Iranian captain Hassan Rostam has braved the Strait of Hormuz aboard his lenj for four decades but now watches with despair as the wooden ships are being replaced by cheaper, faster boats.
The sturdy vessels, built by hand, have sailed Gulf waters for centuries, their potbellied silhouette emblematic of regional maritime traditions like the dhows of the Arabian Peninsula.
But these days, “there are fewer and fewer” of them, said Rostam, 62, who has spent his life traveling the waterway between Iran and the United Arab Emirates.
With a lean body and weathered face, he gazes at the calm seas that are criss-crossed by huge tankers taking Gulf oil to the world’s markets, and naval vessels patrolling the strategic waterway.
The island of Qeshm off Bandar Abbas is also home to the much older tradition of building wooden boats, around 30 of which were resting at low tide in the coastal village of Guran.
This small port has long housed several shipyards specializing in their maintenance and repair. But that morning, fewer than two dozen workers were there, barefoot in the mud.
A half-built lenj hull propped on beams will not be finished for lack of money; its owner plans to dismantle it and use the boards for other projects.
“Today, a new lenj is very expensive” because “the wood comes from abroad” and construction is done entirely by hand, said Ali Pouzan, who supervises the Guran site.
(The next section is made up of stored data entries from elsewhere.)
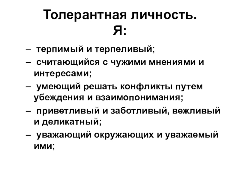 Слайд 10Какими же чертами должен обладать толерантный человек, а какие черты личности
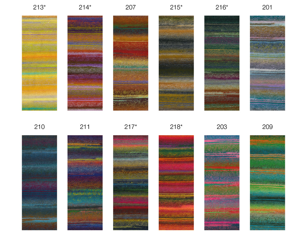 Colorissimo II è un affascinante filato sfumato in 100% lana merino, che con le sue combinazioni di colori intense e armoniose rende ogni creazione un vero colpo d’occhio. Morbido, caldo e al tempo stesso leggero, è ideale per maglioni, scialli, sciarpe o accessori colorati. Grazie alla lunga sequenza di sfumature, durante la lavorazione si creano transizioni morbide e motivi vivaci – senza alcuno sforzo.
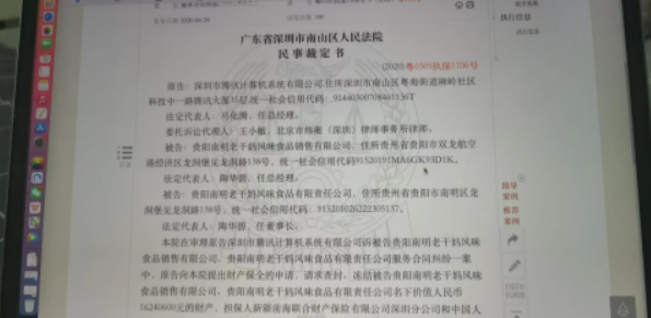 2020年6月29日,深圳南山区法院在裁判文书网公布腾讯公司起诉冻结老干妈公司1600万元财产,由此牵出诈骗案。
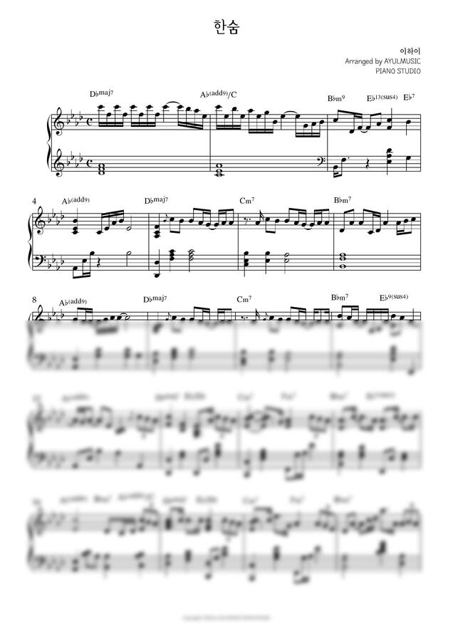이하이 - 한숨 (원Key, 완곡/ 코드 포함)
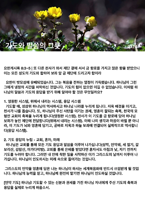 | 전도에 대한 중요한 응답(사도행전 1:3)-기도수첩 (0) | 2020.01.25 |
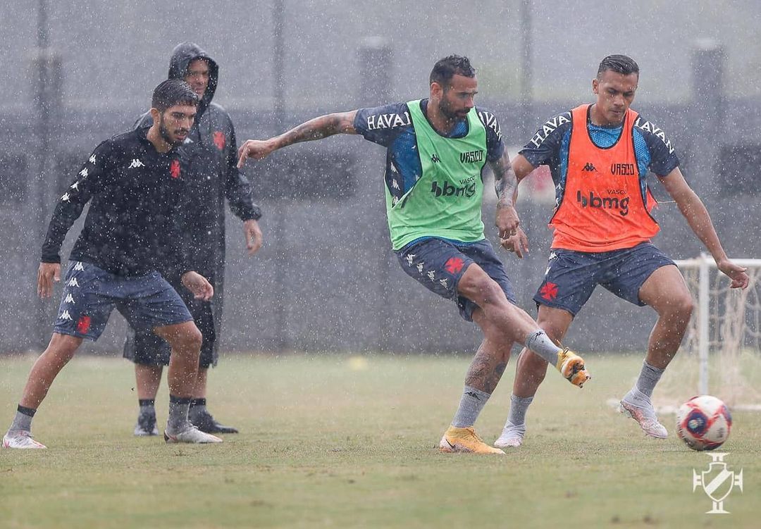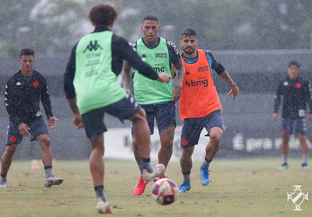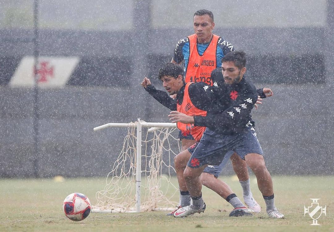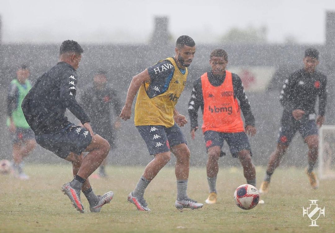 Vasco publica fotos do elenco treinando debaixo de chuva no CT; veja
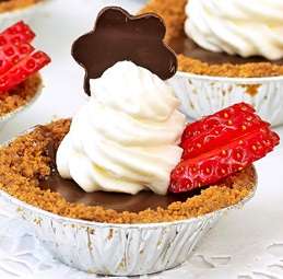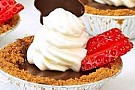 Spritsa en klick grädde på bakelserna vid servering och garnera med jordgubbar och chokladdekorationer.
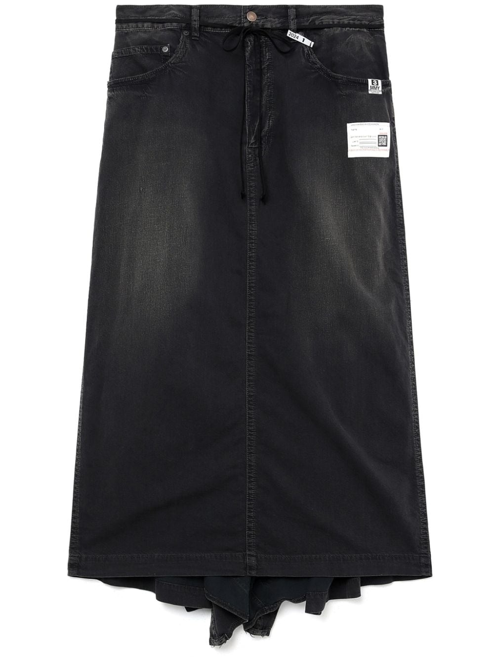 draped denim skirt Highlights - Black - Cotton - Washed denim - Applique logo - Draped detailing - High-waisted - Drawstring waist - Concealed fly and button fastening - Belt loops - Classic five pockets - Long length - High-low hem Imported Composition Cotton 100%
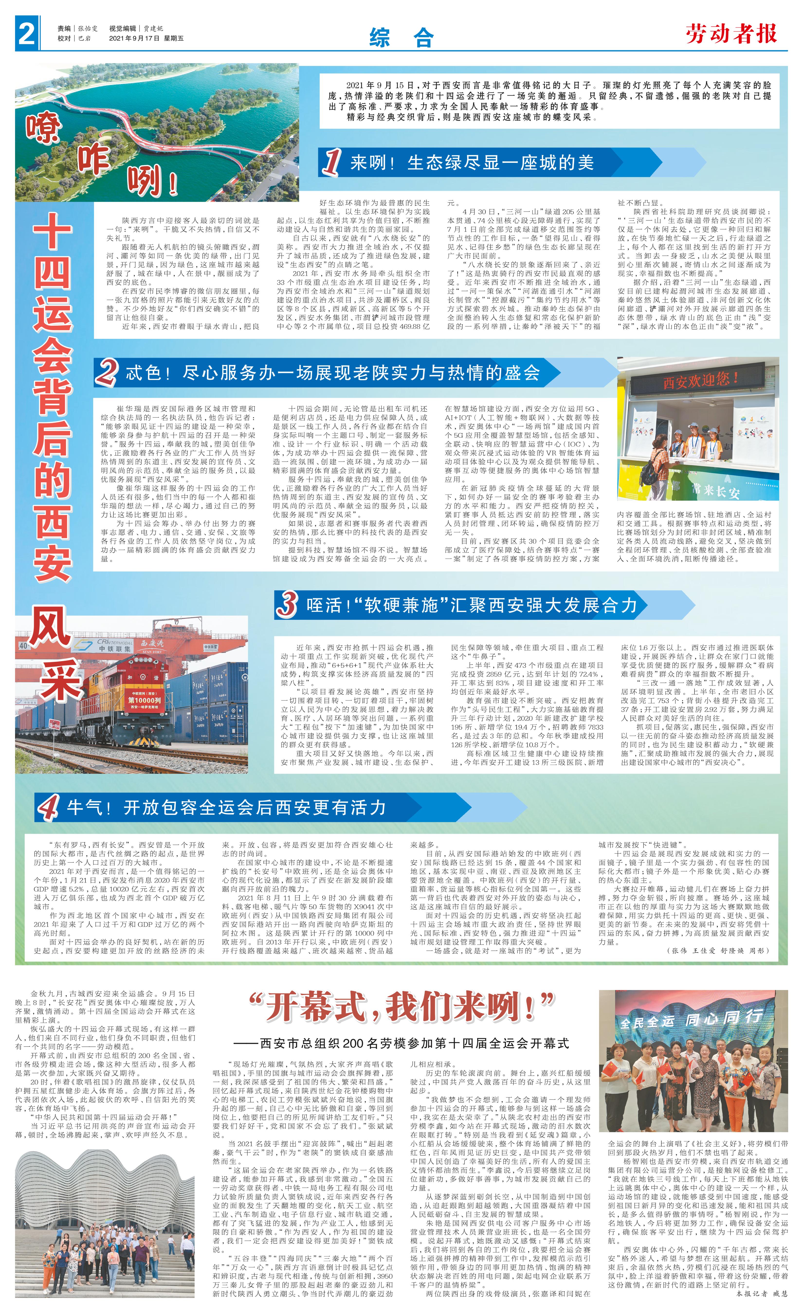2021年9月15日,对于西安而言是非常值得铭记的大日子。璀璨的灯光照亮了每个人充满笑容的脸庞,热情洋溢的老陕们和十四运会进行了一场完美的邂逅。只留经典,不留遗憾,倔强的老陕对自己提出了高标准、严要求,力求为全国人民奉献一场精彩的体育盛事。 精彩与经典交织背后,则是陕西西安这座城市的蝶变风采。 1 来咧!生态绿尽显一座城的美 陕西方言中迎接客人最亲切的词就是一句:“来咧”。干脆又不失热情,自信又不失礼节。 跟随着无人机航拍的镜头俯瞰西安,渭河、灞河等如同一条优美的绿带,出门见景,开门见绿,因为绿色,这座城市越来越舒服了,城在绿中,人在景中,靓丽成为了西安的底色。 在西安市民李博睿的微信朋友圈里,每一张九宫格的照片都能引来无数好友的点赞。不少外地好友“你们西安确实不错”的留言让他很自豪。 近年来,西安市着眼于绿水青山,把良好生态环境作为最普惠的民生 福祉。以生态环境保护为实践起点,以生态红利共享为价值归宿,不断推动建设人与自然和谐共生的美丽家园。 自古以来,西安就有“八水绕长安”的美称。西安市大力推进全域治水,不仅提升了城市品质,还成为了推进绿色发展,建设“生态西安”的点睛之笔。 2021年,西安市水务局牵头组织全市33个市级重点生态治水项目建设任务,均为西安市全域治水和“三河一山”绿道规划建设的重点治水项目,共涉及灞桥区、阎良区等8个区县,西咸新区、高新区等5个开发区,西安水务集团、市渭浐河城市段管理中心等2个市属单位,项目总投资469.88亿元。 4月30日,“三河一山”绿道205公里基本贯通、74公里核心段无障碍通行,实现了7月1日前全部完成绿道移交范围签约等节点性的工作目标,一条“望得见山、看得见水、记得住乡愁”的绿色生态长廊呈现在广大市民面前。 “八水绕长安的景象逐渐回来了、亲近了!”这是热衷骑行的西安市民最直观的感受。近年来西安市不断推进全域治水,通过“一河一策保水”“河湖连通引水”“河湖长制管水”“控源截污”“集约节约用水”等方式探索碧水兴城。推动秦岭生态保护由全面整治转入生态修复和常态化保护新阶段的一系列举措,让秦岭“泽被天下”的福祉不断凸显。 陕西省社科院助理研究员谈润卿说:“‘三河一山’生态绿道带给西安市民的不仅是一个休闲去处,它更像一种回归和解放,在快节奏地忙碌一天之后,行走绿道之上,每个人都在这里找到生活的新打开方式。当卸去一身疲乏,山水之美便从眼里到心里渐次铺展,寄情山水之间逐渐成为现实,幸福指数也不断提高。” 据介绍,沿着“三河一山”生态绿道,西安目前已建构起渭河城市生态发展廊道、秦岭悠然风土体验廊道、沣河创新文化休闲廊道、浐灞河对外开放展示廊道四条生态休憩带,绿水青山的底色正由“浅”变“深”,绿水青山的本色正由“淡”变“浓”。 2 忒色!尽心服务办一场展现老陕实力与热情的盛会 崔华瑞是西安国际港务区城市管理和综合执法局的一名执法队员,他告诉记者:“能够亲眼见证十四运的建设是一种荣幸,能够亲身参与护航十四运的召开是一种荣誉。”服务十四运,奉献我的城,塑美创佳争优,正激励着各行各业的广大工作人员当好热情周到的东道主、西安发展的宣传员、文明风尚的示范员、奉献全运的服务员,以最优服务展现“西安风采”。 像崔华瑞这样服务的十四运会的工作人员还有很多,他们当中的每一个人都和崔华瑞的想法一样,尽心竭力,通过自己的努力让这场比赛更加出彩。 为十四运会筹办、举办付出努力的赛事志愿者、电力、通信、交通、安保、文旅等各行各业的工作人员依然坚守岗位,为成功办一届精彩圆满的体育盛会贡献西安力量。 十四运会期间,无论管是出租车司机还是便利店店员,还是电力供应保障人员,或是景区一线工作人员,各行各业都在结合自身实际叫响一个主题口号、制定一套服务标准、设计一个行业标识、明确一个活动载体,为成功举办十四运会提供一流保障、营造一流氛围、创建一流环境,为成功办一届精彩圆满的体育盛会贡献西安力量。 服务十四运,奉献我的城,塑美创佳争优,正激励着各行各业的广大工作人员当好热情周到的东道主、西安发展的宣传员、文明风尚的示范员、奉献全运的服务员,以最优服务展现“西安风采”。 如果说,志愿者和赛事服务者代表着西安的热情,那么比赛中的科技代表的是西安的实力与担当。 提到科技,智慧场馆不得不说。智慧场馆建设成为西安筹备全运会的一大亮点。在智慧场馆建设方面,西安全方位运用5G、AI+IOT(人工智能+物联网)、大数据等技术,西安奥体中心“一场两馆”建成国内首个5G应用全覆盖智慧型场馆,包括全感知、全联动、快响应的智慧运营中心(IOC)、为观众带来沉浸式运动体验的VR智能体育运动项目体验中心以及为观众提供智能导航、赛事互动等便捷服务的奥体中心场馆智慧应用。 在新冠肺炎疫情全球蔓延的大背景下,如何办好一届安全的赛事考验着主办方的水平和能力。西安严把疫情防控关,紧盯赛事人员抵达西安前防控管理,落实人员封闭管理、闭环转运,确保疫情防控万无一失。 目前,西安赛区共30个项目竞委会全部成立了医疗保障处,结合赛事特点“一赛一案”制定了各项赛事疫情防控方案,方案内容覆盖全部比赛场馆、

Each lenj is unique and the ships vary in size, with the craft of making them “transmitted from generation to generation,” he said.
UNESCO back in 2011 recognized the lenj as intangible cultural heritage requiring “urgent safeguarding.”
As modern alternatives have taken the wind out of its sails, “the philosophy, the ritual context and the traditional knowledge linked to navigation in the Persian Gulf … are gradually fading,” the U.N. body warned.
In their golden age, the rustic lenjes were used to transport cereals, dates, dried fish, spices, wood and textiles across the Gulf and as far as the coasts of East Africa and the Indian subcontinent.
But commercial shipping has been taken over by engine-powered boats made of fiberglass or steel, navigating the turquoise waters where huge oil tankers now roam.
Lenj vessels were also used for fishing, as well as the lucrative pearling tradition, which has nearly disappeared.
Younes, a 42-year-old Guran resident, has been repairing lenjes in his native village for more than 20 years.
“It’s a painful job,” he said in the baking heat, as he used an old technique called “kalfat koobi” to waterproof a vessel with strips of cotton soaked in sesame and coconut oil.
Recognizing the demise of shipbuilding in Guran, Pouzan is betting on tourism instead, a promising sector on Qeshm as the island attracts a growing number of visitors.
“We have restored several boats to adapt them to sea trips,” he said.
An old ship was being repurposed into a cafe, and there are plans to transform the scenic port, with colored lenj hulls lying in the sand, into an open-air museum.
Near mangroves on the beach, Pouzan plans to build lenj-inspired huts for tourists. Each will bear the name of the most famous destinations the ships once reached — from Zanzibar and Mombasa to Kolkata.